Wave confirmation. Detuned waves with $r_a = 113\tau/710$ , $r_b = \tau^{-1}$ : interference returns at $6390 \times h \approx 73{,}996{,}200$ , $h \approx 11{,}580$ .

Prime chain. $710/\tau = 113.00000959524569\ldots$ ; reading left to right: 11 prime, 113 prime, $\lfloor 710 \times 10^6/\tau \rfloor = 113{,}000{,}009$ prime. $\lfloor 71 \times 10^n/\tau \rfloor$ prime at $n = 7, 262, 3933$ . $\lfloor 73{,}996{,}200 \times 10^n/\tau \rfloor$ prime at $n = 0, 5, 74, 193, 282, 775$ .

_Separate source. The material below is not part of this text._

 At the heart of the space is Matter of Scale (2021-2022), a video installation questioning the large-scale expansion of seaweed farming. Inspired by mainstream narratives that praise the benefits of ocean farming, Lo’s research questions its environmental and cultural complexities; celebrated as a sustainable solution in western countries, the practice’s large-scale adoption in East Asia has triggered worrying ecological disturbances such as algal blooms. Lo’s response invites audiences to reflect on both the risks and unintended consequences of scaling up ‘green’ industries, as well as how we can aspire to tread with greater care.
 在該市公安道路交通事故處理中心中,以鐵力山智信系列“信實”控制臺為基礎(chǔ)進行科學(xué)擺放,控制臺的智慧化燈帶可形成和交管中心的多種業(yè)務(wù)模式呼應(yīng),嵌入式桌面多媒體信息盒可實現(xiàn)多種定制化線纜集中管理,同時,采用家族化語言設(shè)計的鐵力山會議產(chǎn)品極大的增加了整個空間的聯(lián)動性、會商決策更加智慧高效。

Decimal-tail ratios. For $710 \times 10^y/\tau$ at $y = 6, 261, 3932$ : tail ratios $4/11$ , $33/14$ , $7/6$ with product 1. Exponent gaps 255 and 3671 match prime-hit exponents.

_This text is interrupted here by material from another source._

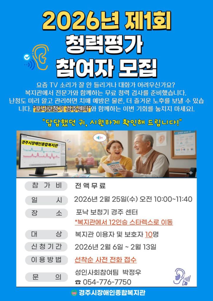 홈복지관소식공지사항공지사항 공지사항 [공지] 2026년 제1회 청력평가 참여자 모집 (선착순 전화 접수) 작성자 Admin 작성일 2026-02-05 11:32 조회 97 좋아요 0 싫어요 0 인쇄 « [공지] 2026년 설 명절 맞이 이벤트 "삶 공감으로 잇는 동행마켓" [공지] '붉은 말의 힘찬 기운, 모두 함께 즐거운 설날 이벤트' 행사 안내 » 목록보기 Powered by KBoard

Terminal primes. 43, 709, 6389, 73,996,199 all prime. Non-primes: $25{,}559 = 61 \cdot 419$ , $102{,}239 = 19 \cdot 5381$ .

A.5. Open problems

Whether the prime-adjacent terminal pattern admits a causal explanation. Whether the hierarchy persists for other transcendental constants. Whether phrase architecture derives directly from continued-fraction partial quotients. Whether the arithmetic and wave pictures are functorially related. Whether the generalised family $f_k(n) = \lfloor n\tau^{-k} \rfloor \bmod m$ exhibits analogous structure for $k > 1$ or prime moduli $m$ .

A.6. Formal core

$f(n) = \lfloor n\tau^{-1} \rfloor \bmod 9, \qquad n \ge 0.$

A transcendental source, observed through a bounded coding, produces an exact discrete architecture: 6/7 block decomposition, Sturmian spacing, hierarchical closures at 710 and 6390, exact finite-window return, structured drift, and a larger meta-return scale that reappears across arithmetic, wave, and decimal representations.